[WHAT TO DO]:
Would you please retype, exactly, the lines of the listing below between the line with "만들어둔 SHA256.encodeSha256을 이용해서 비밀번호를 해쉬화 함" and the line with "생성된 링크를 클릭하면", inclusive?

[GIVEN ENTRIES]:
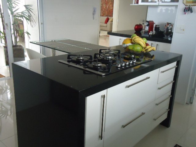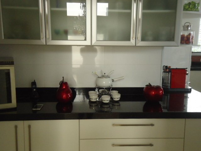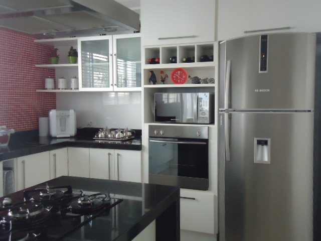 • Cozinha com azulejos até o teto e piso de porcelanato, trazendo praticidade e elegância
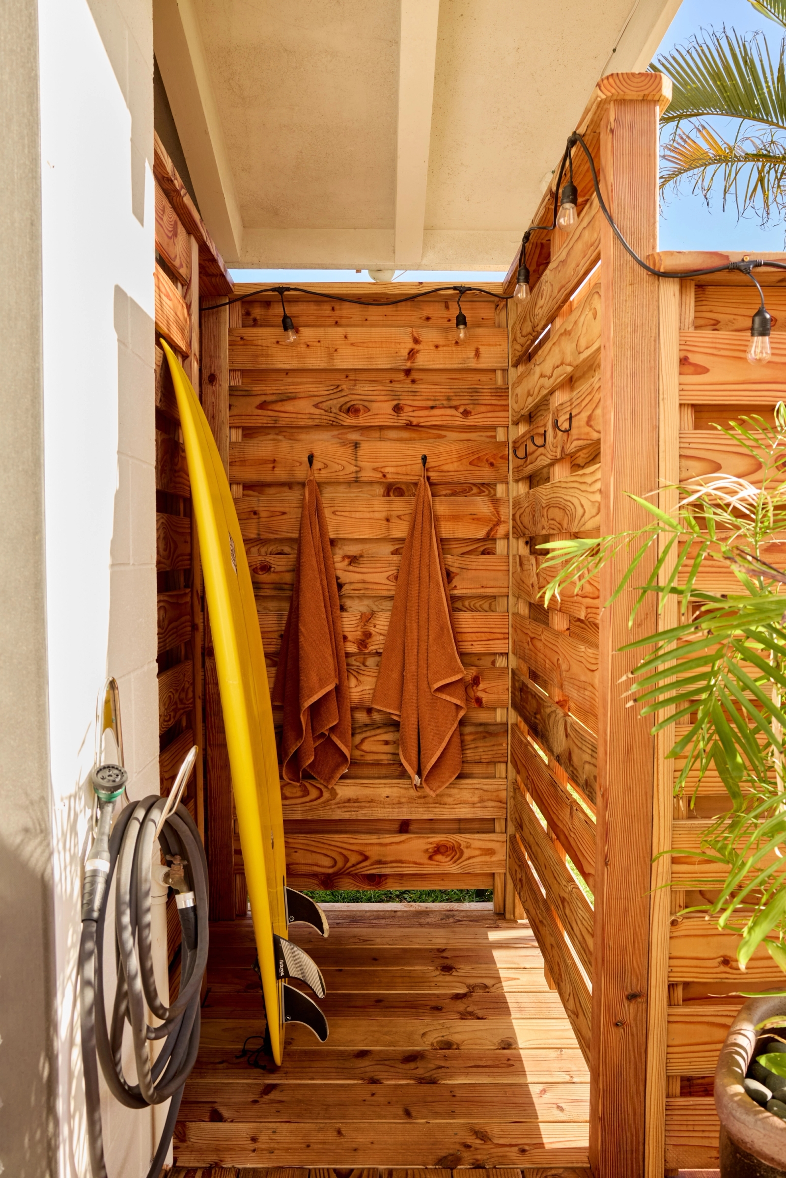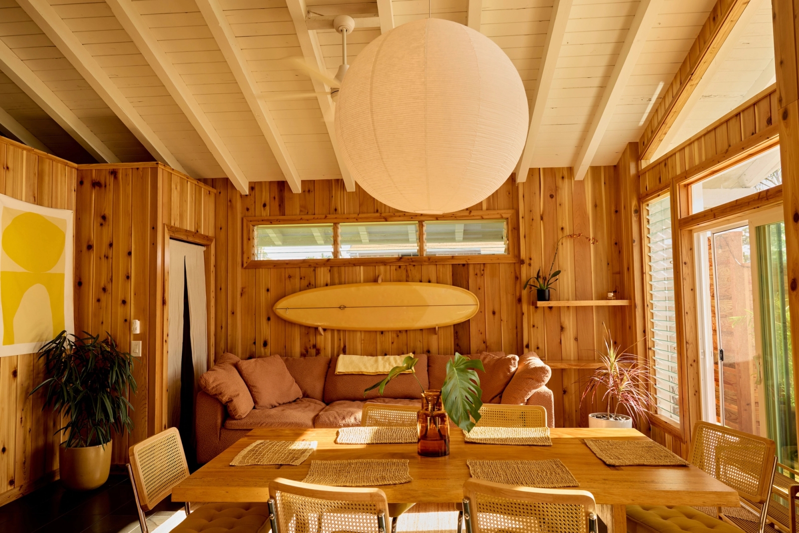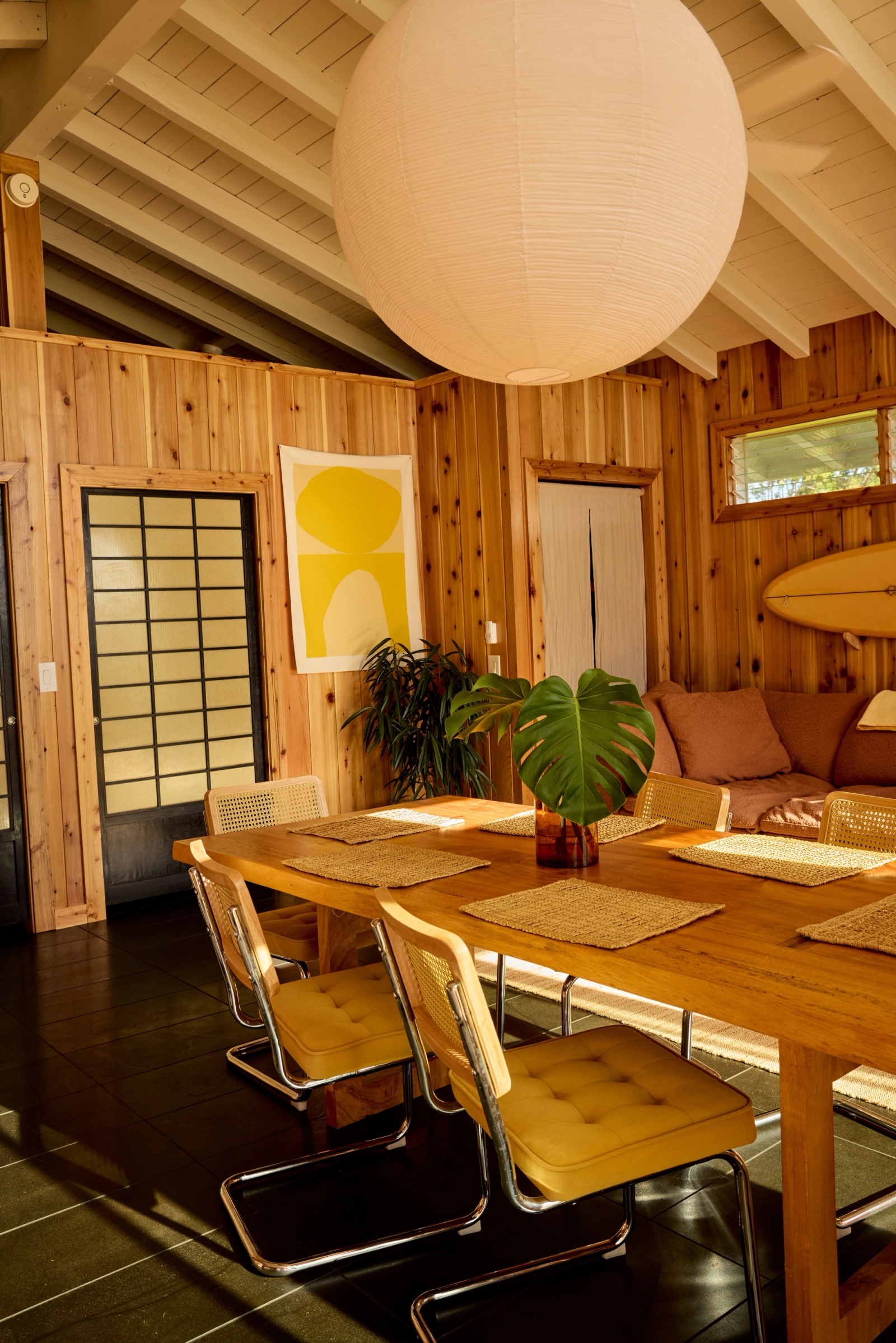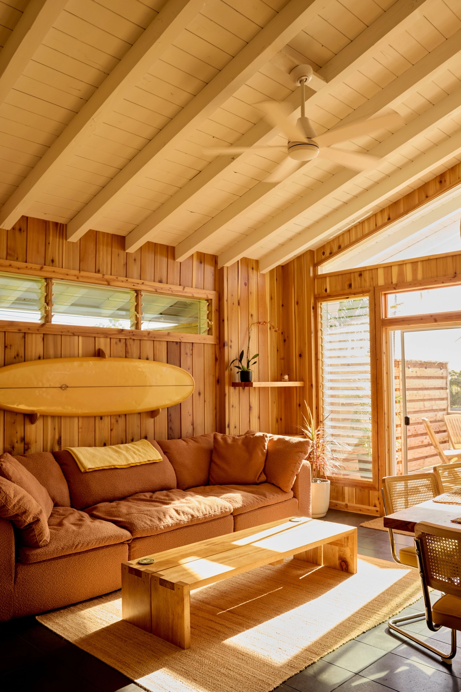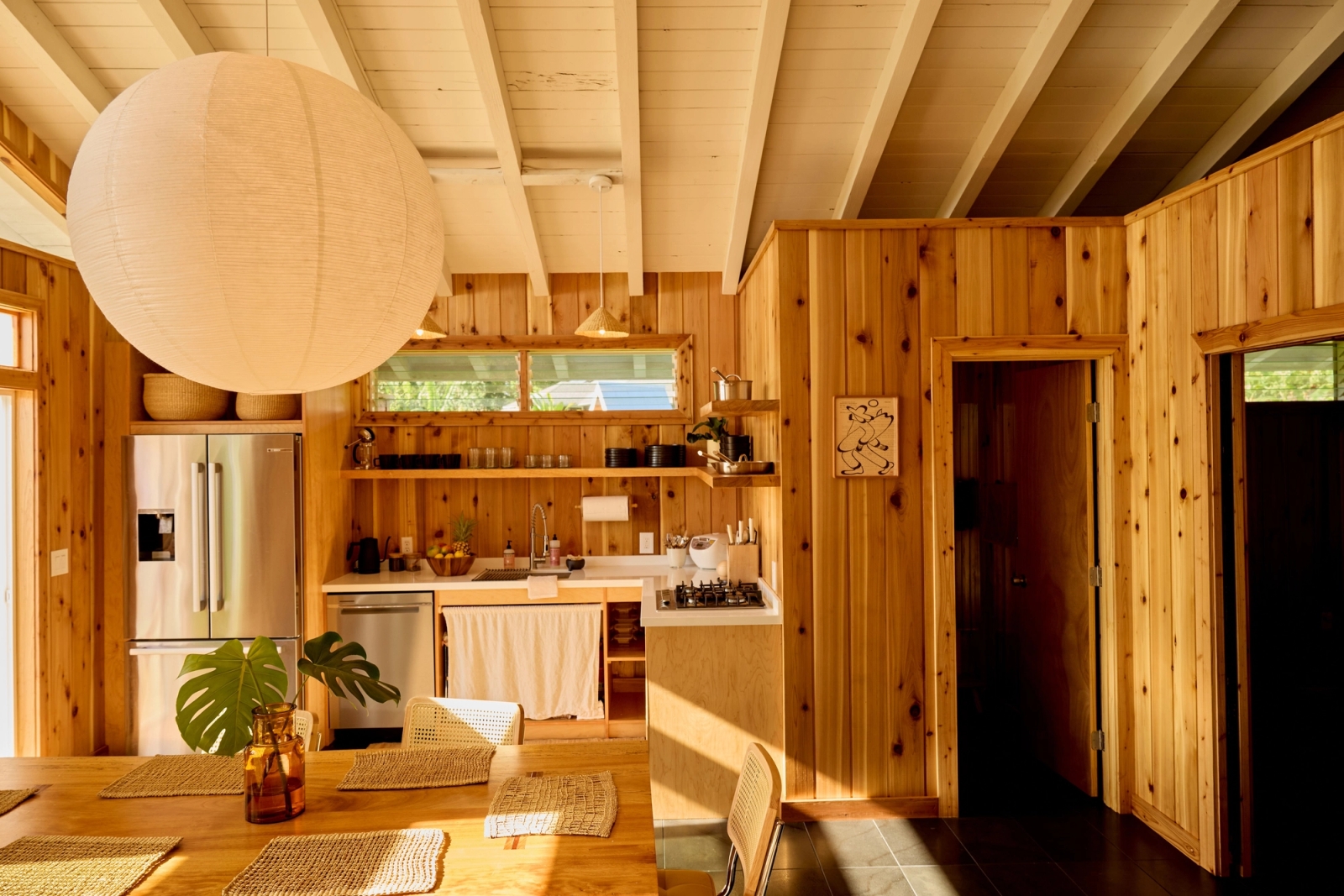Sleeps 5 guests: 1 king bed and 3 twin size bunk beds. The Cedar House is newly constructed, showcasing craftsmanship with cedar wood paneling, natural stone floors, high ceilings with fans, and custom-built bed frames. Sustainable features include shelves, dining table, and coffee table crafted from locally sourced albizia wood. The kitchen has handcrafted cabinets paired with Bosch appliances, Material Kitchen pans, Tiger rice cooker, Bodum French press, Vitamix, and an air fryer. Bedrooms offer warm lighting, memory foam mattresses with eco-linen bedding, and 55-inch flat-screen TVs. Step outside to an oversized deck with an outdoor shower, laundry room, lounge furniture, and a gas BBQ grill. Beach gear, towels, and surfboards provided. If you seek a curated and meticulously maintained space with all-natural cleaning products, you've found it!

==

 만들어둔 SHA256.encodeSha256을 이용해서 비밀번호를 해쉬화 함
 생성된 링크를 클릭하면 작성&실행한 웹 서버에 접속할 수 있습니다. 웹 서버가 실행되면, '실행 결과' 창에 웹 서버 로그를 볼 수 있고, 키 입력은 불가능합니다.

---

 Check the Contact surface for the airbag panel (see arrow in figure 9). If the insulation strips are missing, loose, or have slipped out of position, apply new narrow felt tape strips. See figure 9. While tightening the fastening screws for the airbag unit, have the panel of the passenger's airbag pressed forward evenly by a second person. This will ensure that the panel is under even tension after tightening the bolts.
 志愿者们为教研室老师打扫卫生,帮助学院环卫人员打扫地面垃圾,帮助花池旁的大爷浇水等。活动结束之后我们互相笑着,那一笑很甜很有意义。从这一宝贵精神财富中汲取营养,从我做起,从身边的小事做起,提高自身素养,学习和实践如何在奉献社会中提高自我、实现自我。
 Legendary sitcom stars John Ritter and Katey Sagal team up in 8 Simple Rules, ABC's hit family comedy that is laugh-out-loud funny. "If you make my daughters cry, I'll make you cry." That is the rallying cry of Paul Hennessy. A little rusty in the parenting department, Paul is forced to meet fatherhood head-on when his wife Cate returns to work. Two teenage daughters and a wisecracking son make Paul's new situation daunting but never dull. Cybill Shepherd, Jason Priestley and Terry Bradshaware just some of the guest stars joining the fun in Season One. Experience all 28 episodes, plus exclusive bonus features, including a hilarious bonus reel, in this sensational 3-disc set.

[ANSWER TO THIS PROBLEM]:
 만들어둔 SHA256.encodeSha256을 이용해서 비밀번호를 해쉬화 함
 생성된 링크를 클릭하면 작성&실행한 웹 서버에 접속할 수 있습니다. 웹 서버가 실행되면, '실행 결과' 창에 웹 서버 로그를 볼 수 있고, 키 입력은 불가능합니다.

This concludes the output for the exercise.